Understand your financial situation

Currently, someone with an “excellent” credit score — between 760 and 850 — can qualify for a 30-year fixed rate mortgage with an interest rate of 5.099%. However, a borrower with only “fair” credit could expect to pay 6.688%.

“When considering buying a home, the best first step you can take is to fully understand your financial situation, what you can afford, and your outstanding debts or obligations,” said Libby Cooper, vice president of Zillow. Home Loans.

Other Ways to Boost Your Credit Score

Cooper says it will pay to proactively raise your credit score before applying for a mortgage. There are several steps to achieving this goal, but the most basic is making sure you pay every bill on time each month.

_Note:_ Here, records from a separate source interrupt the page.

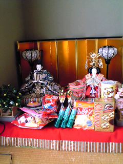 、今日は娘にとって5回目のひな祭りおじいちゃんにケーキを買ってもらったので、夕食のあといただきました~。とてもおいしかった!!毎年、あわててだすんだけど今回はちゃんと節分の後、出しました。いつもお菓子などおいてあげるのですが今年は2.3日前から しかもとってつけたようにおいてしまった。せっかく早くから(いつもより)だしてあげてたのに。今日中か明日の朝には しまわなきゃいけないのよね~。お雛様が終わったら次はお兄ちゃんたちの兜だわ。そうそう、こいのぼりは何歳までだしてあげればいいのかしら・・・主人はもういいやろーというのですが 私的には次男が小学校卒業まではだしてあげたいなー。兜は私だけでも飾れるけど こいのぼりはポールが重いのでどうしても主人の手が必要だし、せっかくおじいちゃん達に買ってもらったしちなみに昨日、保育園で娘がお雛様を作ってきました~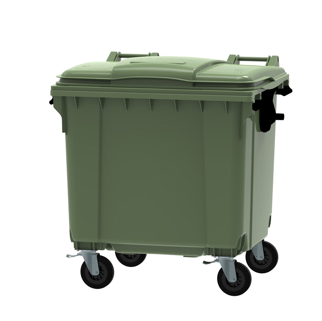 Container 1100L vlak deksel | Buitengebruik | Groen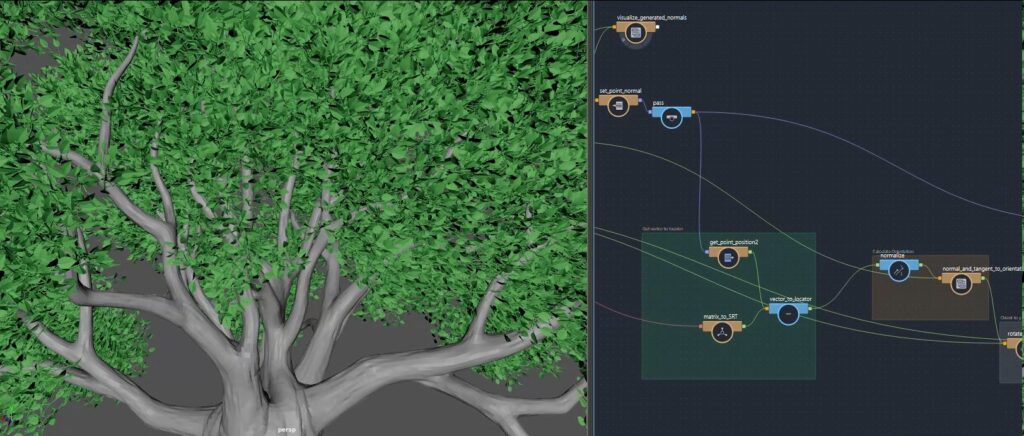 “Take, for example, the creation of five unique trees, each with a custom-designed canopy. By leveraging Bifrost’s power, we were able to instance every single twig and place apples on those twigs with precision, all while maintaining complete control over the canopy shape. This flexibility was key in achieving exactly what the directors envisioned.”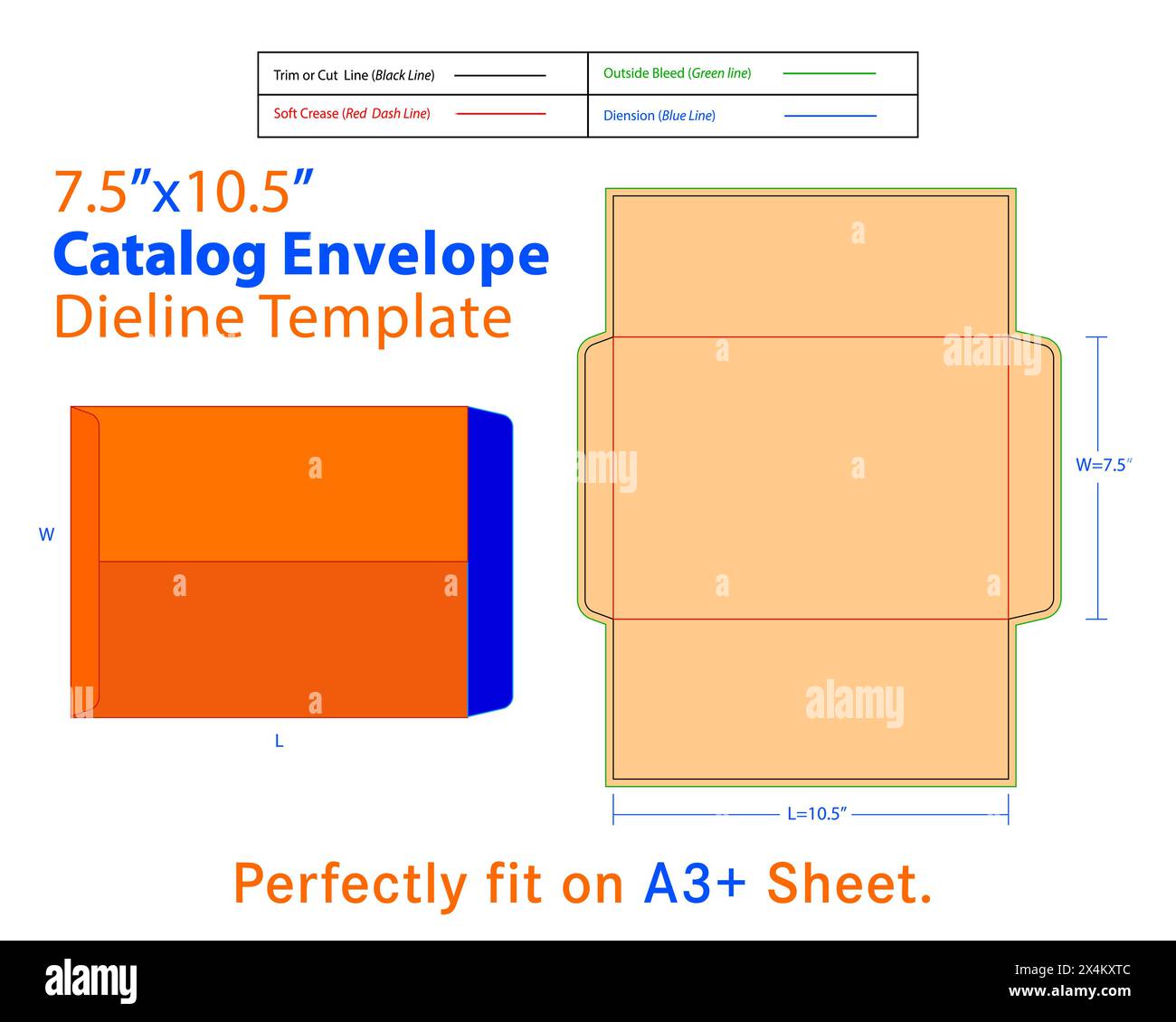 Catalogue Envelope W 7.5, L 10.5 Inches Die line Template. Catalogue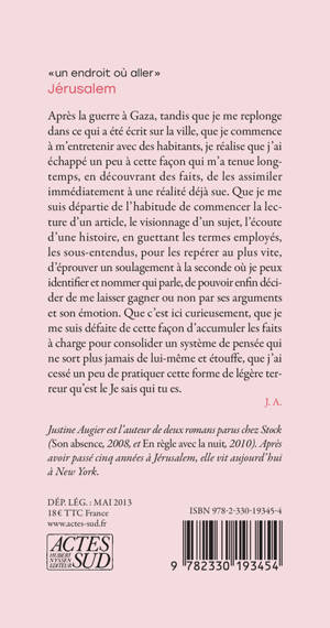 En faisant miroiter les histoires qui constituent la population de La Ville, Justine Augier trace un portrait singulier et pluriel de Jérusalem, faisant affleurer ses complexités d'une manière aussi limpide que sensible. Composé de fragments de récits et de littérature comme autant de polaroïds en temps réel, «Jérusalem» est un texte inquiet et pénétrant qui place le lecteur face à sa plus urgente et sa plus déterminante responsabilité : celle d'écouter avant de juger. Nécessaire.
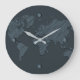 Bring the wonder of the world to your home with this unique modern abstract world map wall clock. Inspired by an artistic hand drawn sketch, this minimalistic monochrome world map clock features a modern abstract design in a gunmetal gray color palette with black accents and coordinating contemporary dark grey cyan blue hour markers; a layered design that gives depth of perspective with highlights and shadows.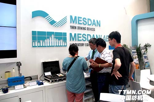 作為一個(gè)專業(yè)的全系列機(jī)械式打結(jié)器及空氣接捻器的生產(chǎn)商,意大利美斯丹(MESDAN)如往常一樣,在研發(fā)新品的同時(shí),也不忘在各大展會(huì)上展示自己。在2014年中國(guó)國(guó)際紡織機(jī)械展覽會(huì)暨ITMA亞洲展覽會(huì),意大利美斯丹攜ILLMAN SPLCER101手動(dòng)式包纏器、HUMY TESTER Code185B手提式紡織含潮率測(cè)試儀、JOINTAIR 4941A 手動(dòng)式空氣捻接器、Neps And Trash Indicator Code3280A 棉結(jié)及雜質(zhì)分析儀和新產(chǎn)品MOISTAIR 6901型噴霧捻接器亮相。盛大的產(chǎn)臺(tái)規(guī)模,先進(jìn)的產(chǎn)品演示,讓美斯丹展臺(tái)人流如織。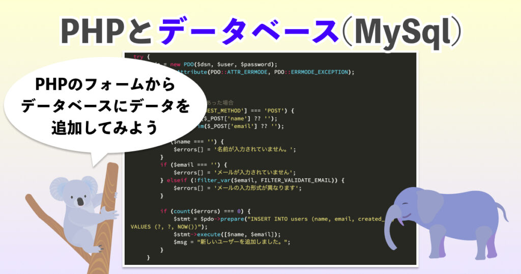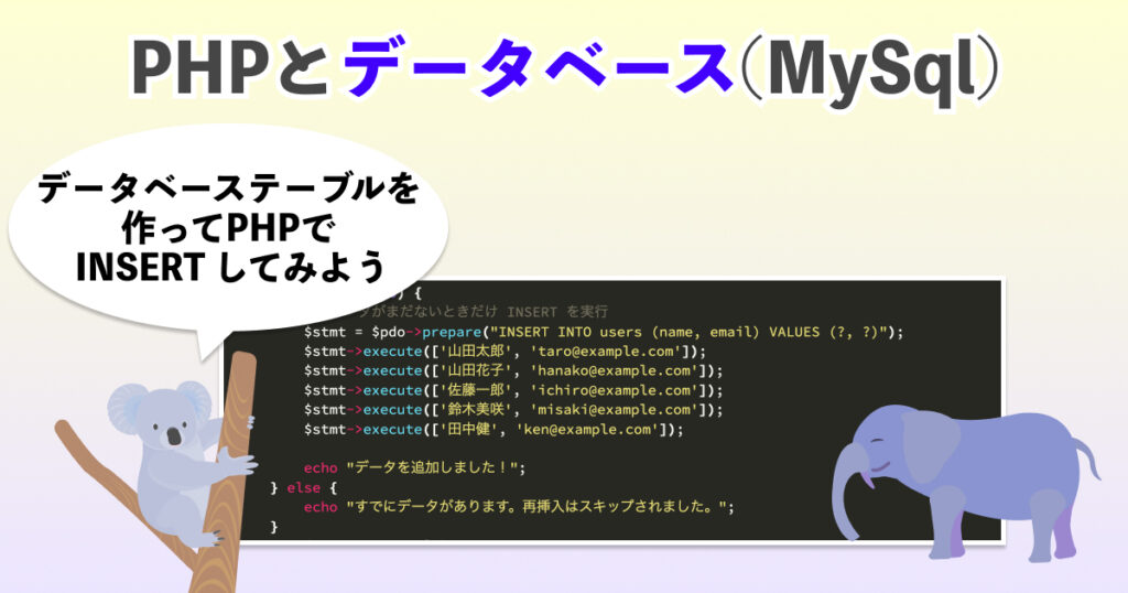 フォルダとファイル名 php-db フォルダに db02.php ファイルを作成します。ここでは、SQLでテーブルを作り、データを挿入(INSERT)する方法を学びます。 チェックポイント CREATE TABLE でテーブルを作成できたか? PDO の prepare() と execute() を使っ... -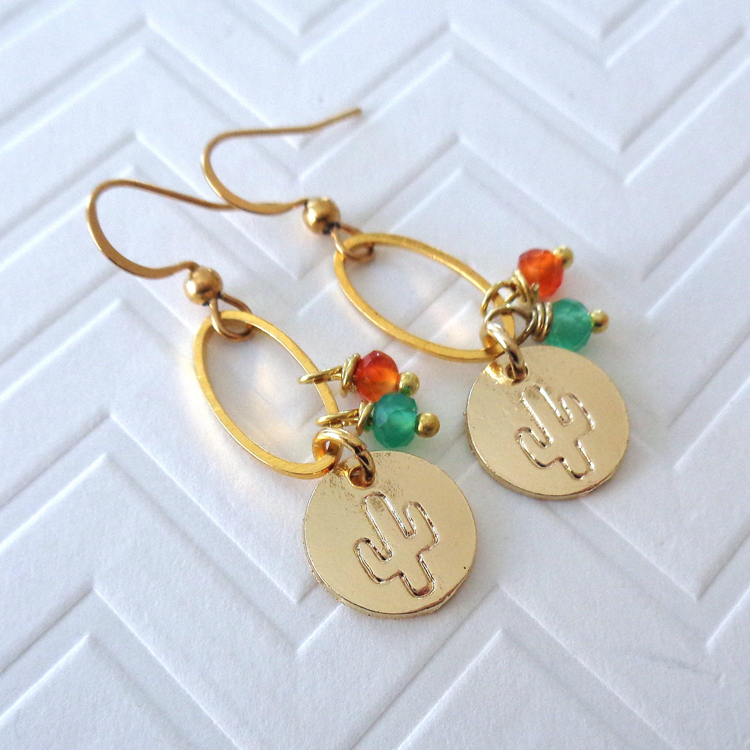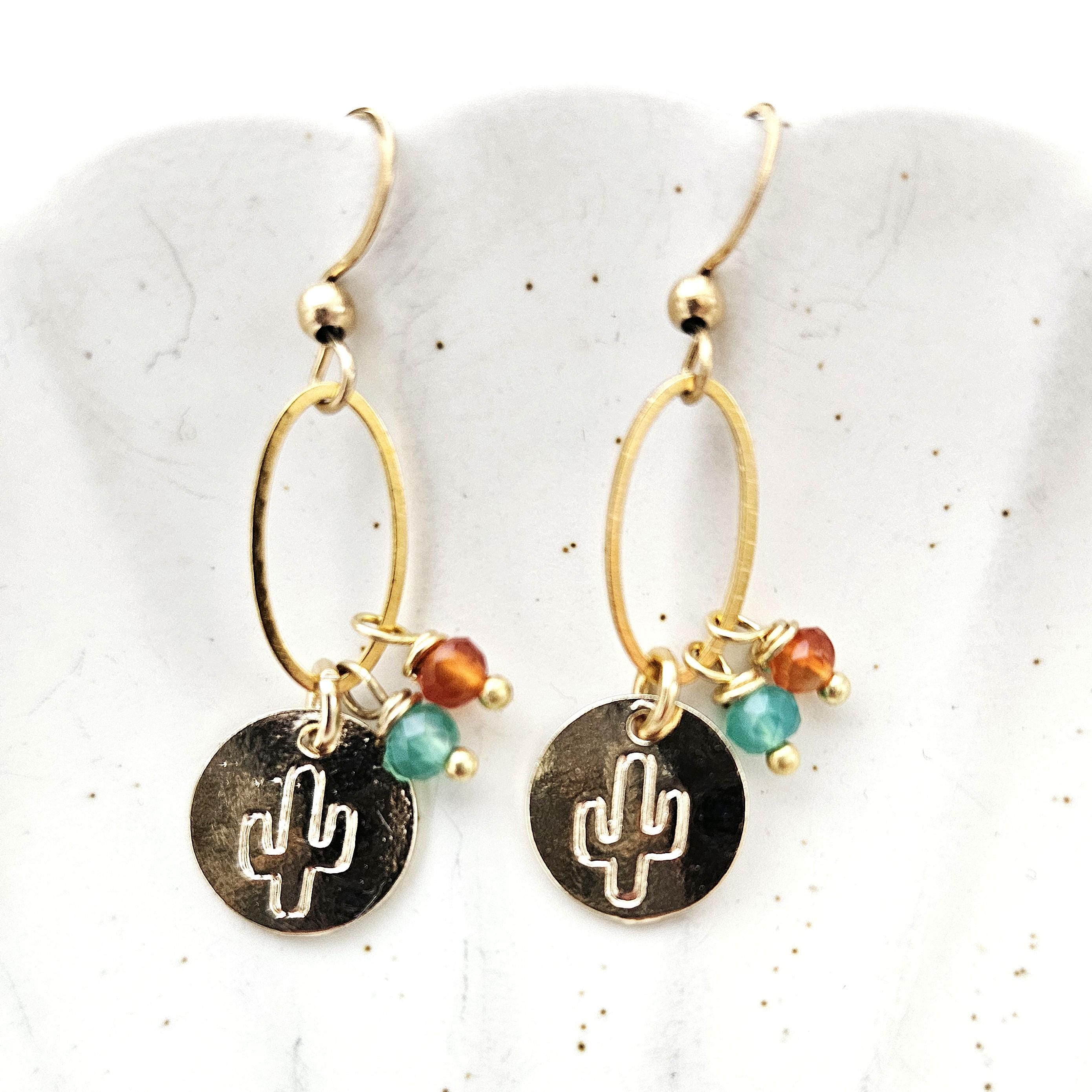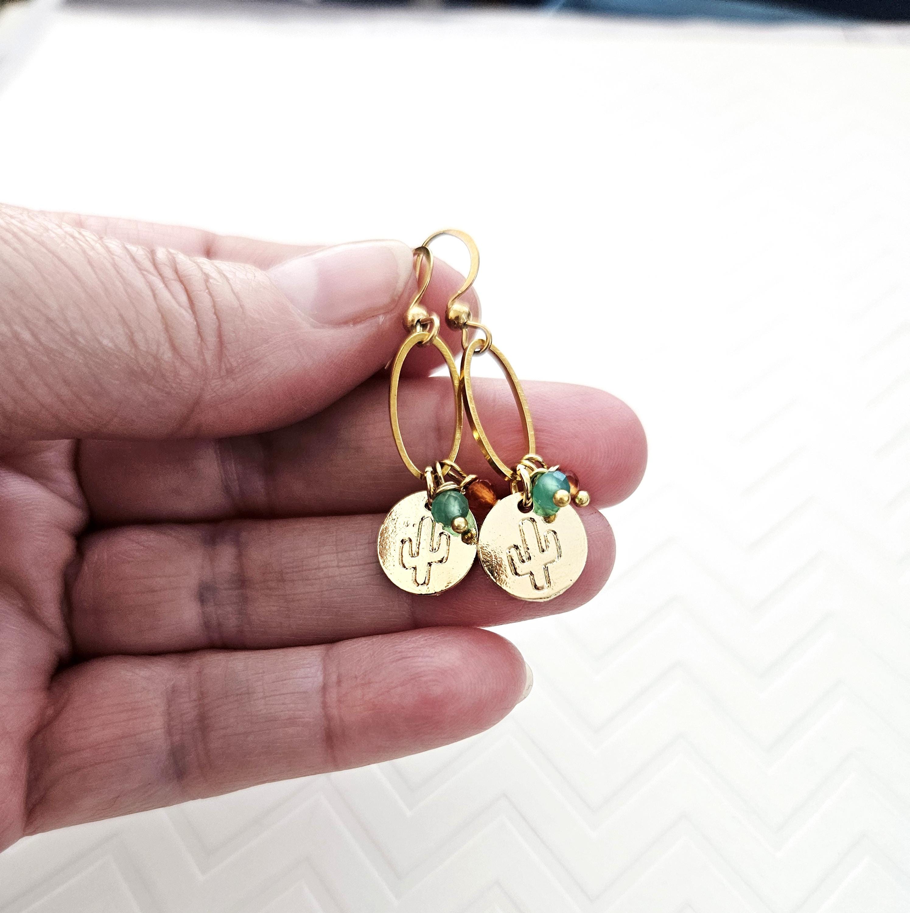 ~ đľ ~ Adorable Saguaro Cactus Earrings in Gold~ đľ ~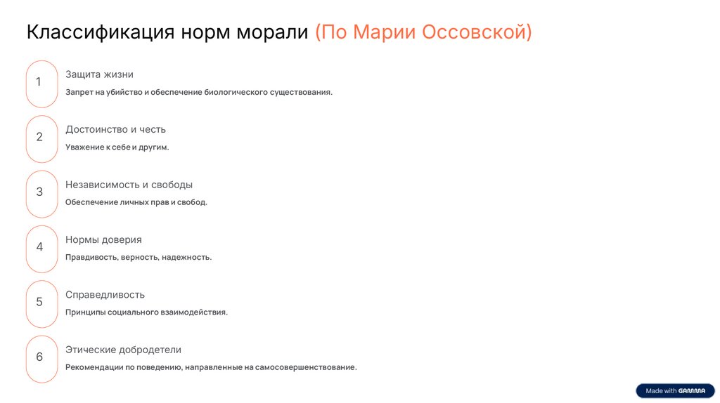 Классификация норм морали (По Марии Оссовской)1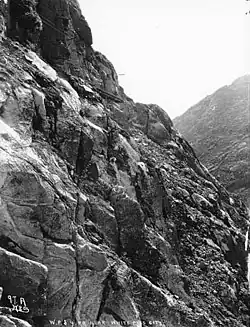 The White Pass was closely controlled by the Chilkoot Indians and was unknown to non-natives until 1887. While in Juneau, William Ogilvie had heard reports of a low pass near the Deyes Inlet to the headwaters of the Lewes River (Yukon River). The Ogilvie expedition was on its way to the Yukon territory in order to survey and mark the international boundary on the Yukon River. In June 1887, Ogilvie's expedition was at the head of Taiya Inlet doing a survey from Pyramid Island up through the Chilkoot Pass. William Moore, who had travelled up from Juneau on the steamer, had experience building roads in mountainous areas and wanted to try this route since the Chilkoot Pass was reported to be too steep for a wagon road. They had heard rumors about another lower pass that the Chilkoot Indians controlled. Ogilvie made inquiries and learned there was such a pass. An Indian named Jim, after much talk and encouragement, was persuaded to reveal it. Moore and his guide went over this low altitude pass. Ogilvie and his surveying party ascended the Chilkoot Pass. Among the many Chilkoot Indians hired to carry their supplies up the pass was Skookum Jim Mason, who, with his family, discovered the rich gold deposits in the Klondike.[1] Moore did a rough survey of the new pass and returned with the satisfaction that he had found the route for his wagon road. The White Pass was named for the Canadian Minister of the Interior Thomas White by William Ogilvie.[2]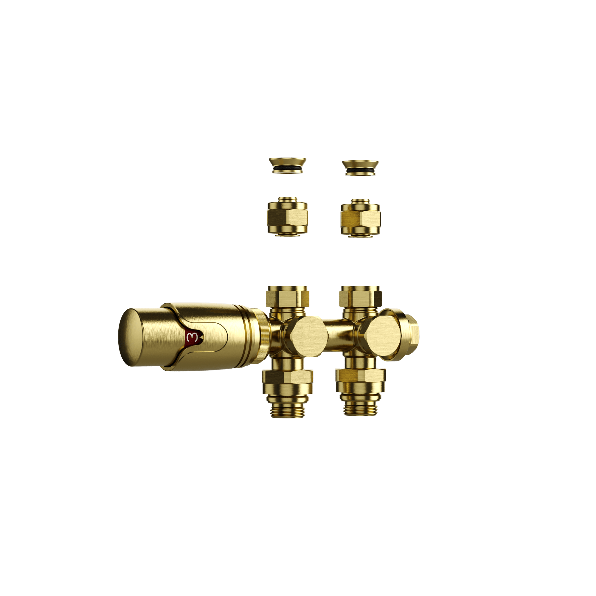 VANNE DE RADIATEUR – DESIGN – THERMOSTATIQUE – RACCORDEMENT MUR ET SOL – 1/2″ mâleX16/2 M30 – OR BROSSÉ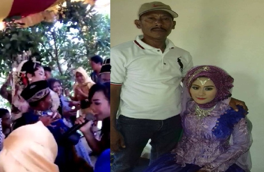 Tangis bahagia pyn pecah ketika Santa ditimang oleh ayahnya di atas panggung di hari pernikahannya.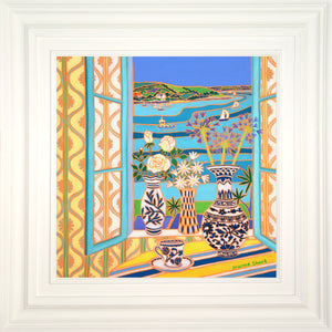 A stunning coastal landscape, this 18x18" oil on canvas by Cornish artist Joanne Short features patterned wallpaper, intricately designed pottery, white roses and blue agapanthus in a vase, and a view through a window to Trefusis Point and the River Fal beyond. With its French Matisse-like vibrancy, this exquisite piece brings a touch of Cornish beauty and the best Cornish coastal art to any home.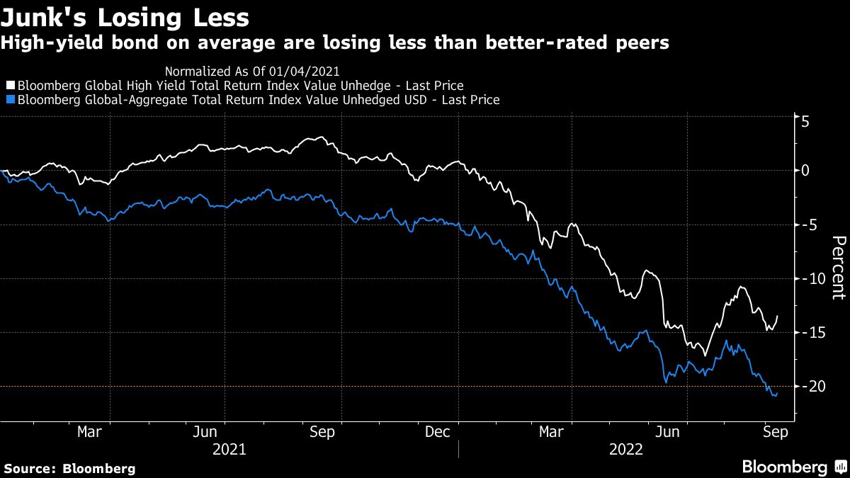 High-yield bond on average are losing less than better-rated peers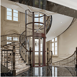 别墅电梯主要由曳引机(绞车)、导轨、对重装置、装置(如限速器、钳和缓冲器等)、信号操纵系统、轿厢与厅门等组成。这些部分分别安装在建筑物的井道和机房中。通常采用钢丝绳摩擦传动,钢丝绳绕过曳引轮,两端分别连接轿厢和平衡重,电动机驱动曳引轮使轿厢升降。电梯要求、输送、平层准确和乘坐舒适等。

Analyze your credit card balances. Credit agencies look at how much available credit you are using and reduce your credit if you use too much. For example, if you have a balance of $4,000 on a card with a credit limit of $5,000, your “credit utilization” is 80%. Strive to pay off the debt while asking the credit card lender to increase your credit limit. This combination will reduce your credit utilization percentage.

There is a shortcut that can also lower your credit usage. If a family member has a credit card with a high credit limit and a low balance, request to be added as a user on the account. Without ever making a purchase, your credit utilization profile will improve.

“Take realistic steps to improve your credit score by doing things like disputing any reporting errors and paying off as much debt as possible,” Cooper said. “It could increase the amount of home loan you qualify for.”